Start of Records provided

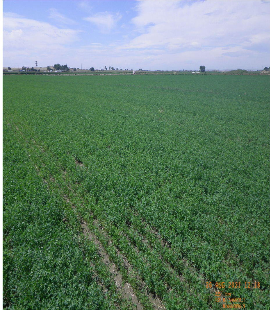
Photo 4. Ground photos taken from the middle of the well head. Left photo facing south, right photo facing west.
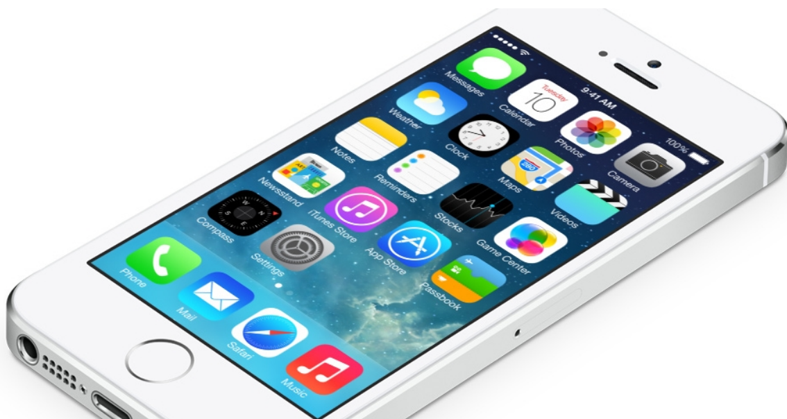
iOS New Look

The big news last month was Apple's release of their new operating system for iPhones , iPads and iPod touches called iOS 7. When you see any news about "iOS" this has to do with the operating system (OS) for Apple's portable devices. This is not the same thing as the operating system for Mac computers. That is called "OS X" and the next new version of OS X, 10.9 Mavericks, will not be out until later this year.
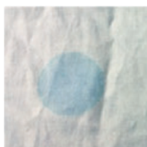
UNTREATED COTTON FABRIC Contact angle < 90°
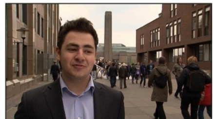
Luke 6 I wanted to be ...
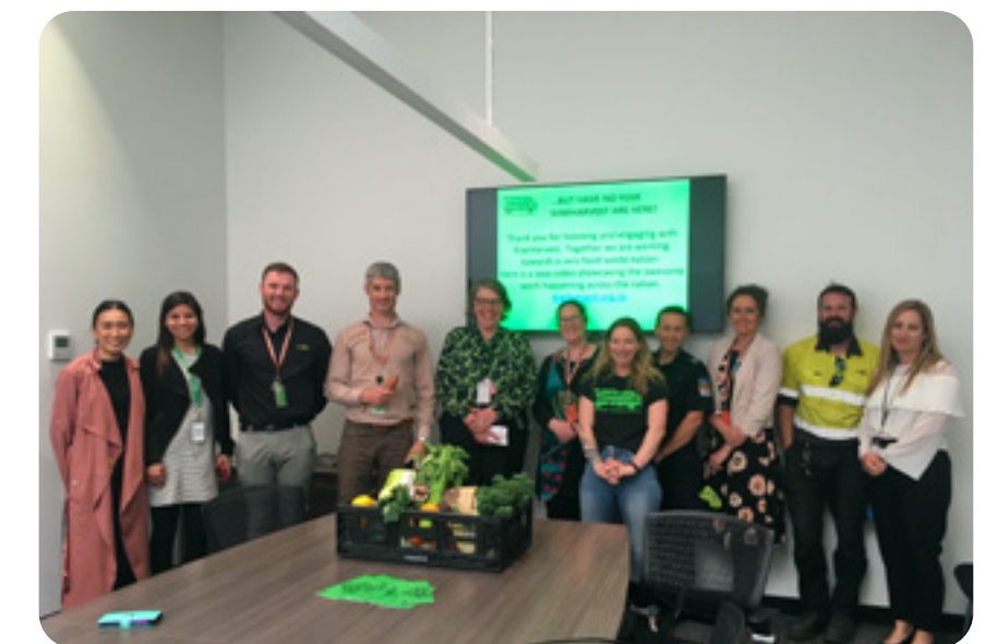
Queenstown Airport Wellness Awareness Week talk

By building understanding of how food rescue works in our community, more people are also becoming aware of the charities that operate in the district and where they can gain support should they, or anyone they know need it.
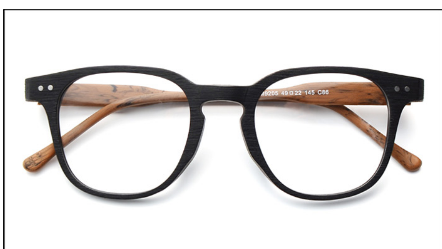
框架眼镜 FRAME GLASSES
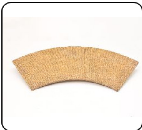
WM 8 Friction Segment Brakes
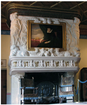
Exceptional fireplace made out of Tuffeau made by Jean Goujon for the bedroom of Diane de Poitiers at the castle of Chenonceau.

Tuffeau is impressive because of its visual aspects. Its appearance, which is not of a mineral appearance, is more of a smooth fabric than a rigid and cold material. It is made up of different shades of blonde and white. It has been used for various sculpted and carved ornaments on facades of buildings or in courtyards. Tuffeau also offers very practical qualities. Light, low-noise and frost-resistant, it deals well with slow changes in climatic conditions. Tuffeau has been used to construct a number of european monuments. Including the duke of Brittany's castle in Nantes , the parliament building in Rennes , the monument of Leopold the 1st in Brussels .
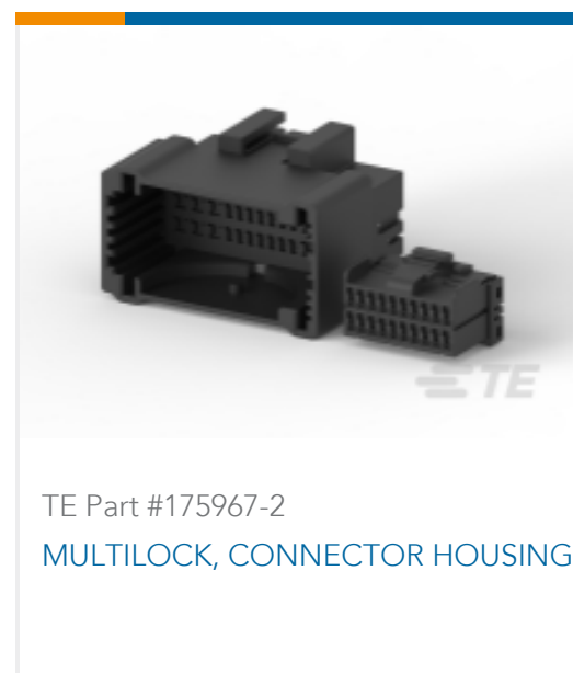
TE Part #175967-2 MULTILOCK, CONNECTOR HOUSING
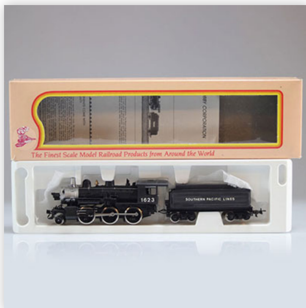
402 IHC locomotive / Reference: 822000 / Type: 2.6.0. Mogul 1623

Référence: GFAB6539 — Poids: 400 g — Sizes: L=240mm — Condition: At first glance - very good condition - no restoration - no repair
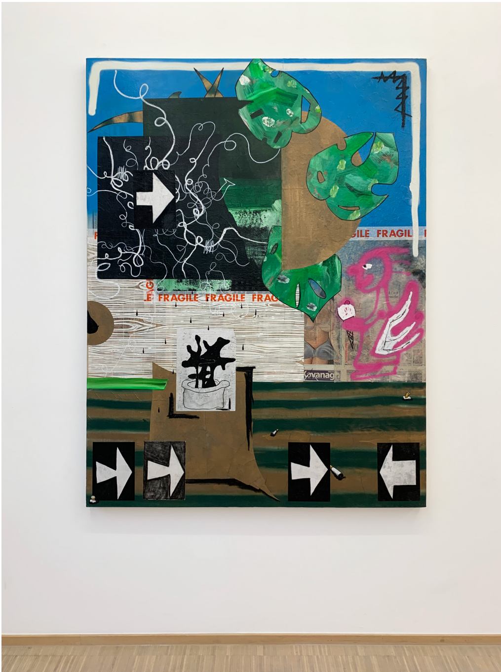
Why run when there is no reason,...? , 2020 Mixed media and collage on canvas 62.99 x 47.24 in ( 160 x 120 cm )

End of Records provided

* _What is needed_
Each of the entries above must be copied exactly, but the pictures stay out.

* _Solution_
Photo 4. Ground photos taken from the middle of the well head. Left photo facing south, right photo facing west.
iOS New Look

The big news last month was Apple's release of their new operating system for iPhones , iPads and iPod touches called iOS 7. When you see any news about "iOS" this has to do with the operating system (OS) for Apple's portable devices. This is not the same thing as the operating system for Mac computers. That is called "OS X" and the next new version of OS X, 10.9 Mavericks, will not be out until later this year.
UNTREATED COTTON FABRIC Contact angle < 90°
Luke 6 I wanted to be ...
Queenstown Airport Wellness Awareness Week talk

By building understanding of how food rescue works in our community, more people are also becoming aware of the charities that operate in the district and where they can gain support should they, or anyone they know need it.
框架眼镜 FRAME GLASSES
WM 8 Friction Segment Brakes
Exceptional fireplace made out of Tuffeau made by Jean Goujon for the bedroom of Diane de Poitiers at the castle of Chenonceau.

Tuffeau is impressive because of its visual aspects. Its appearance, which is not of a mineral appearance, is more of a smooth fabric than a rigid and cold material. It is made up of different shades of blonde and white. It has been used for various sculpted and carved ornaments on facades of buildings or in courtyards. Tuffeau also offers very practical qualities. Light, low-noise and frost-resistant, it deals well with slow changes in climatic conditions. Tuffeau has been used to construct a number of european monuments. Including the duke of Brittany's castle in Nantes , the parliament building in Rennes , the monument of Leopold the 1st in Brussels .
TE Part #175967-2 MULTILOCK, CONNECTOR HOUSING
402 IHC locomotive / Reference: 822000 / Type: 2.6.0. Mogul 1623

Référence: GFAB6539 — Poids: 400 g — Sizes: L=240mm — Condition: At first glance - very good condition - no restoration - no repair
Why run when there is no reason,...? , 2020 Mixed media and collage on canvas 62.99 x 47.24 in ( 160 x 120 cm )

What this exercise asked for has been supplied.